● About this task
Below are the records; count how many of their lines hold the string "with" and give the number alone.

● Data to process
____
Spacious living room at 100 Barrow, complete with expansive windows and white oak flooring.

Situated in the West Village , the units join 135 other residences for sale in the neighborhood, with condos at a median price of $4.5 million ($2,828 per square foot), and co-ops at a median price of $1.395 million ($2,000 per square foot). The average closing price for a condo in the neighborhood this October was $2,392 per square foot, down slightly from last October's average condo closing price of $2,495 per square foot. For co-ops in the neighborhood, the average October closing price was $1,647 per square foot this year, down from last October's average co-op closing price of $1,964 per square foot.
____
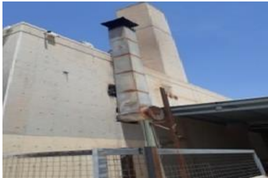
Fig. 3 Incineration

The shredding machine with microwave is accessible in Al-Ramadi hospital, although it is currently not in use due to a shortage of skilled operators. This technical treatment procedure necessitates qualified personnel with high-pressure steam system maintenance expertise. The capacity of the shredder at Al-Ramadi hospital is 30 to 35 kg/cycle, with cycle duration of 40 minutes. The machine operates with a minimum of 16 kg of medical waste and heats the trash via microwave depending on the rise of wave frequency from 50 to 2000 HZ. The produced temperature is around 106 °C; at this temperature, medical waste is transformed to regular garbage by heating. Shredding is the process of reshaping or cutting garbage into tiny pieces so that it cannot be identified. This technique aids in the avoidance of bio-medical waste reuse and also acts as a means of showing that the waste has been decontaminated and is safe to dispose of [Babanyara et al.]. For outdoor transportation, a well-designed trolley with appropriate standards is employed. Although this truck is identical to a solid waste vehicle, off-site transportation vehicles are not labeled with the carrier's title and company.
____
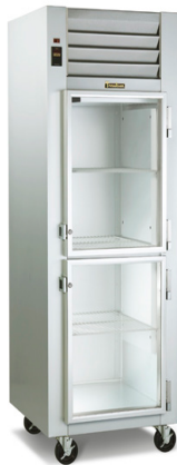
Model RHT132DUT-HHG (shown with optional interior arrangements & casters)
____
● Output of the task
4